Долина и в самом деле была древней, такой древней, что, казалось, существовала еще до начала времен, лишь затем мир понемногу стал складываться вокруг нее. Теппик лег, заложив руки за голову.
Разумеется, долина сама виновата, что состарилась. Тысячелетие за тысячелетием она мягко, но решительно отгораживалась от будущего. Столкновение ее с переменами было чревато тем же, чем чревато столкновение яйца с землей.
Жизнь оказалась более многомерной, чем предполагали люди. И время — тоже. И люди оказались сложнее, хотя уж они-то могли быть более предсказуемыми.
Теппик увидел облако пыли над дворцовыми воротами. Оно пронеслось над городом.
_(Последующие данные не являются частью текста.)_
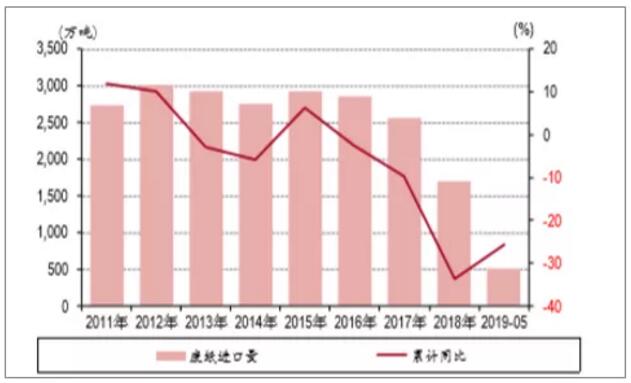 數據來源:公開資料整理 二、廢紙價格走勢分析 2018年進口廢紙1703萬噸,全年相較17年減少870萬噸。17年全年消耗廢紙漿6300萬噸,18年廢紙進口的減少相當于減少了724萬噸廢紙漿,占總需求的11.5%,但是由于需求的下降,箱板瓦楞紙產量下降10%,基本抵充了廢紙原材料的減少,預期中的原材料短缺情況并未出現,使得旺季紙價和廢紙價格走勢不達預期。 我國紙漿產品進口依存度從2008年的12.93%飆升至2018年的23.39%,其中廢紙漿進口依存度更是超過50%。廢紙漿是廢紙在回收后經過分類篩選、溫水浸漲,被重新打成紙漿以期再次利用的紙漿。它是我國造紙的重要原材料。如今,在限制外廢進口的形勢下,廢紙進口量不斷減少,廢紙漿的進口量也 在不斷加大,有的大型紙企甚至在海外投資建設再生漿線,把廢紙加工成廢紙漿再進口到國內。 紙漿進口一度低迷這一慘淡景象在2019年迎來好轉。2019年1-2季度中國紙漿進口量逐漸增長,增長了 26.04%。2019年3月底我國共進口廢紙漿8.28萬噸,較去年同期增長395.81%。2019年7月中國紙漿進口量為258萬噸,同比增長36.4%;進口金額為1653百萬美元,同比增長7.6%。而根據國務院文件,政府將力爭于2020年年底實現固體廢物零進口,這勢必會大大增加廢紙漿的進口需求。 廢紙價格受到需求不振和進口原料管控的雙重影響,波動較紙價明顯更大,上半年整體呈震蕩下行趨勢。19年前8批額度已經下發837萬噸,根據2020年底禁止進口的時間表,今年是禁止進口的倒數第二年,下半年下發的額度預計將非常有限。前5月廢紙進口502萬噸,相對于去年減少了96萬噸,減少尚不明顯。如果下半年下放的節奏明顯放緩,進口量將明顯減少。國內廢紙回收量提升空間有限,假設貿易戰緩和,出口需求恢復情況下,廢紙供需在Q3后期需求旺季到來時將有望偏緊。廢紙價格有望走強。 美廢價格走勢

Пересекло узкую полосу возделанных земель, на мгновение скрылось за цепочкой пальм и, наконец, вновь появилось у подножия склона. С самого начала Теппик знал, что в облаке кроется колесница.
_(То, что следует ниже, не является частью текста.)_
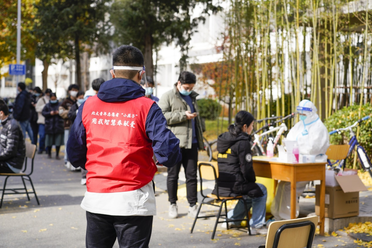 16日上午,全校师生员工进行全员核酸检测。北大第一医院、人民医院和第三医院等三家附属医院和校医院全力支援,以李六亿教授为组长的疫情防控专家组给予全过程指导,很多师生志愿者也投入进来,为大家无私奉献。到16日中午13时,学校将完成一轮全员核酸检测。未来两天,学校还将开展两轮全员核酸检测,采样力量强大,能够为师生提供便捷安全的服务。
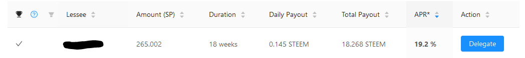 You can see the whitelist status of the person requesting the lease (checkmark to the left), their Steem account name, the amount of SP requested, the lease duration, the nett daily payout, the total payout, and the projected APR.
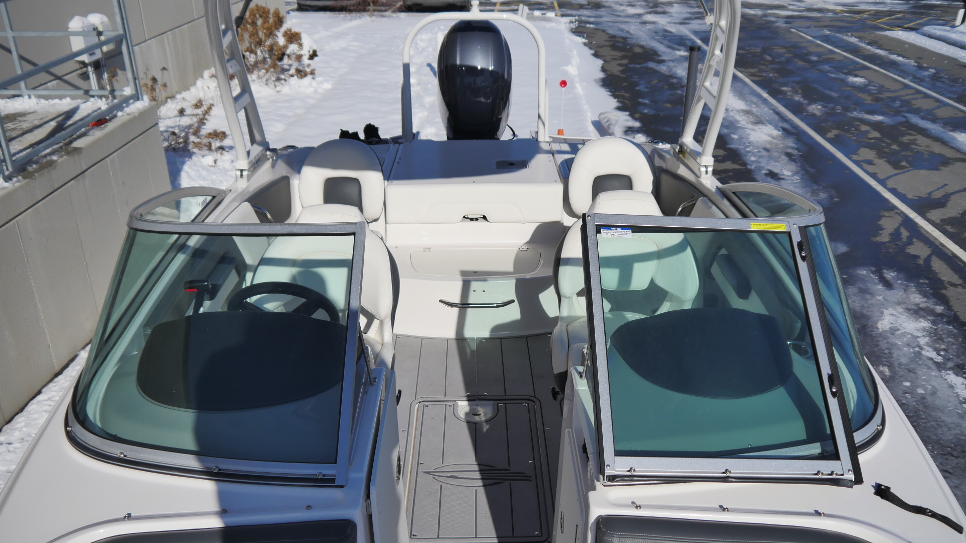 The Sport Tower adds a bold, athletic look while providing an elevated tow point for skiing and wake sports, paired with an integrated Bimini top for shade and comfort.

Съехав со скалы, он сел на корточки у обочины и принялся терпеливо ждать. Наконец раздался грохот колес. Колесница остановилась неподалеку, неловко развернулась на узкой дороге и, попятившись, подъехала к нему.
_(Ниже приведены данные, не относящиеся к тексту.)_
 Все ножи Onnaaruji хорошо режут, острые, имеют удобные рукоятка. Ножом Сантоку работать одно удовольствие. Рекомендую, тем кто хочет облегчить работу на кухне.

— И что ты намерен делать? — крикнула Птраси, перегибаясь через борт. Теппик низко поклонился.
— Только, пожалуйста, без этих штучек, — резко приказала Птраси.
— Тебе что, не нравится быть царицей?
— Нравится, но… — неуверенно произнесла Птраси.
— Вот видишь, — сказал Теппик. — Это голос крови. В старину люди как тигры сражались за трон. Братья против сестер, племянники против дядюшек и тетушек. Ужасно.
— Но зачем тебе уезжать? Ты мне нужен!
— У тебя теперь много советников, — мягко напомнил Теппик.
— Я не про это, — оборвала его Птраси. — К тому же советник только один — Куми, а какой от него прок?..
— Тебе повезло. При мне был Диос, а уж от него было столько проку! Куми лучше, и ты сможешь многому научиться, если будешь поменьше к нему прислушиваться. С неумелыми советчиками можно далеко пойти. Да и Чиддер не откажется помочь. Он всегда был полон идей.
Птраси покраснела.
— Да, мы немного продвинулись, когда были на корабле…
— Ну вот. Я сразу понял, что, когда вы вместе, это вроде пожара. Огонь, вопли, все спасаются бегством…
— А ты, значит, снова пойдешь в убийцы? — усмехнулась Птраси.
— Вряд ли. Я устроил славное погребение пирамиде, пантеону и всему древнему царству. Больше такого случая не предвидится. Кстати, ты не замечала, чтобы там, где ты ступаешь, появлялись маленькие зеленые побеги?
— Нет. Еще чего!
Теппик с облегчением вздохнул. Стало быть, все действительно позади.
— Не позволяй траве расти у тебя под ногами, это очень важно, — предупредил он. — А чаек ты случаем не видела?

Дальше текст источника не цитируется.